For this exercise, copy exactly the lines below from the one with "Оказывается, что купить" through the one with "就那天我所說的,人物也好,風" and leave out the pictures.
===== Data supplied
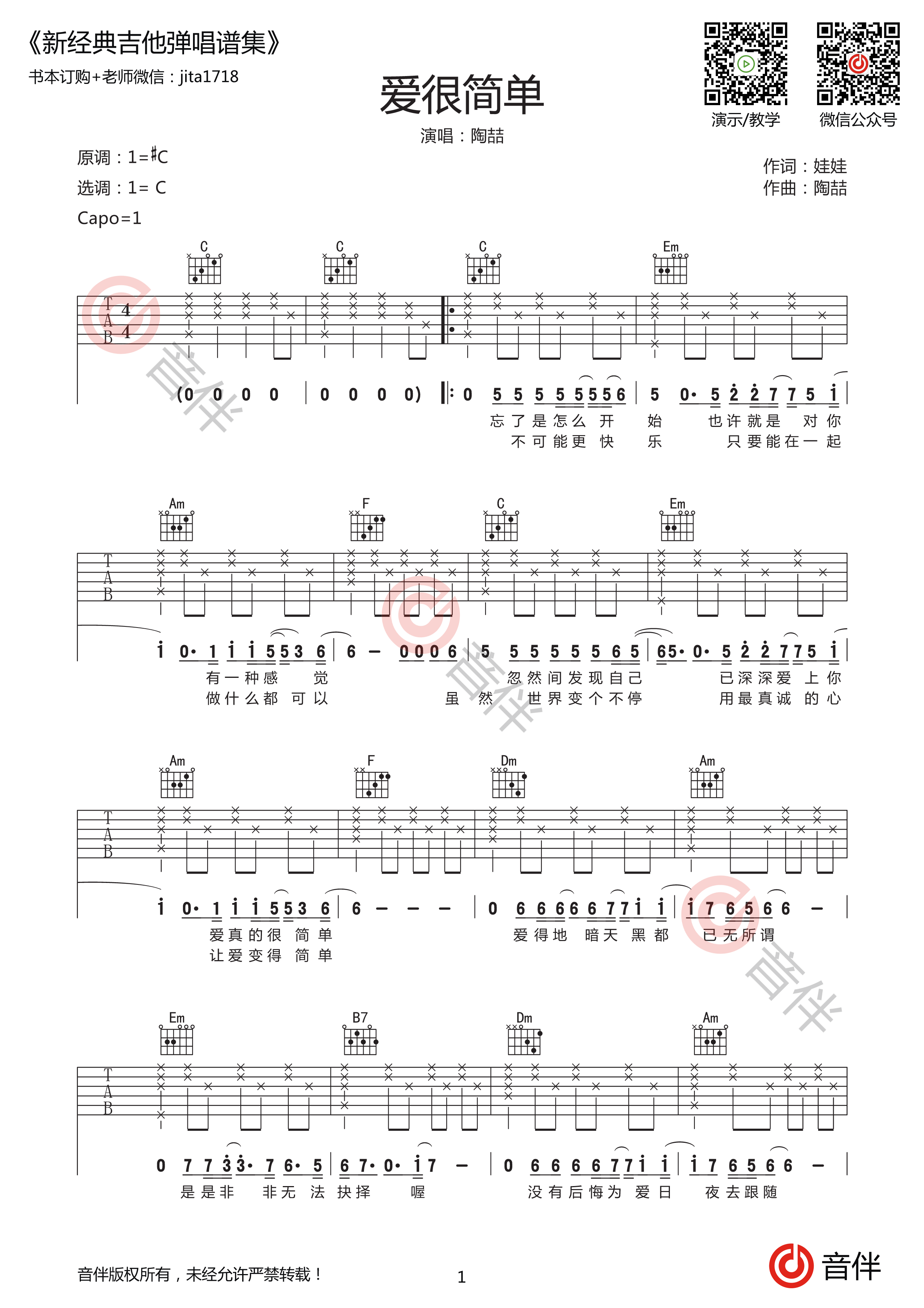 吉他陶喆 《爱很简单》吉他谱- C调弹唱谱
==========
===== Data supplied
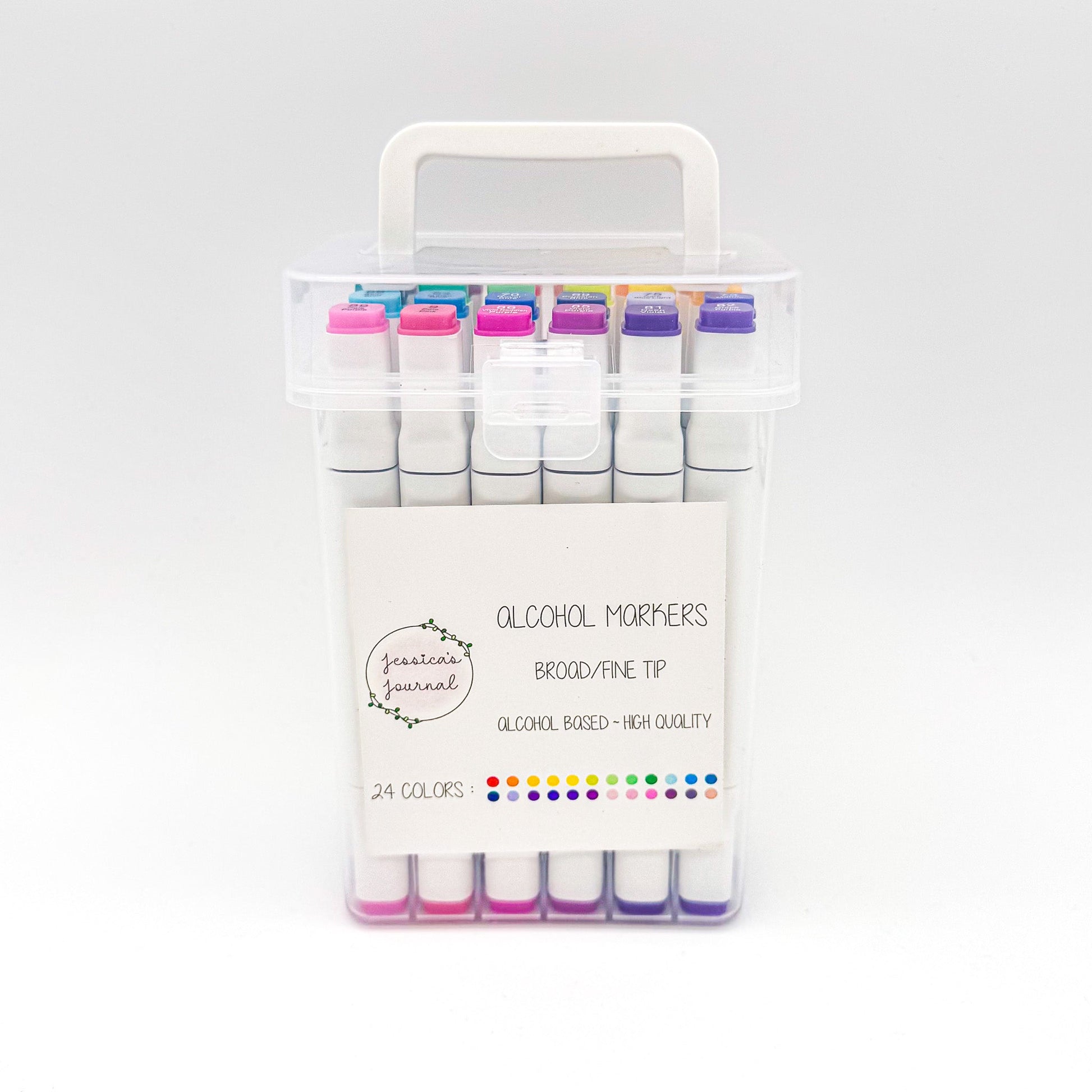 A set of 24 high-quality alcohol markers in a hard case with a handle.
==========
===== Data supplied
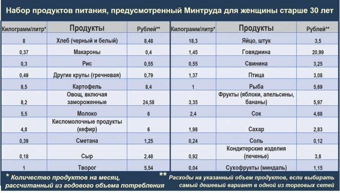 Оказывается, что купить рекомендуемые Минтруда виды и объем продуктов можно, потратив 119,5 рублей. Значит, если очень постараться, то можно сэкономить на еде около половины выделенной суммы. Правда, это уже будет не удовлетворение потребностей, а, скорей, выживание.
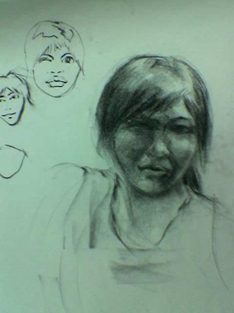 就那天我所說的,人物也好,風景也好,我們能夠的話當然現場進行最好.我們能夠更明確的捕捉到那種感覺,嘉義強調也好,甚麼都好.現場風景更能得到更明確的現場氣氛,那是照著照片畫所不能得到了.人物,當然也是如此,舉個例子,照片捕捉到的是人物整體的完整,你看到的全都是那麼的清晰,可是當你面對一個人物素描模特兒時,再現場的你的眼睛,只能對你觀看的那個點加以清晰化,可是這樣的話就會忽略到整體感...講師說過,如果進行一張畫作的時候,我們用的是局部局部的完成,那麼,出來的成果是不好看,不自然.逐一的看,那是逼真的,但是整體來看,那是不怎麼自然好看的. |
==========
Answer section:
 Оказывается, что купить рекомендуемые Минтруда виды и объем продуктов можно, потратив 119,5 рублей. Значит, если очень постараться, то можно сэкономить на еде около половины выделенной суммы. Правда, это уже будет не удовлетворение потребностей, а, скорей, выживание.
 就那天我所說的,人物也好,風景也好,我們能夠的話當然現場進行最好.我們能夠更明確的捕捉到那種感覺,嘉義強調也好,甚麼都好.現場風景更能得到更明確的現場氣氛,那是照著照片畫所不能得到了.人物,當然也是如此,舉個例子,照片捕捉到的是人物整體的完整,你看到的全都是那麼的清晰,可是當你面對一個人物素描模特兒時,再現場的你的眼睛,只能對你觀看的那個點加以清晰化,可是這樣的話就會忽略到整體感...講師說過,如果進行一張畫作的時候,我們用的是局部局部的完成,那麼,出來的成果是不好看,不自然.逐一的看,那是逼真的,但是整體來看,那是不怎麼自然好看的. |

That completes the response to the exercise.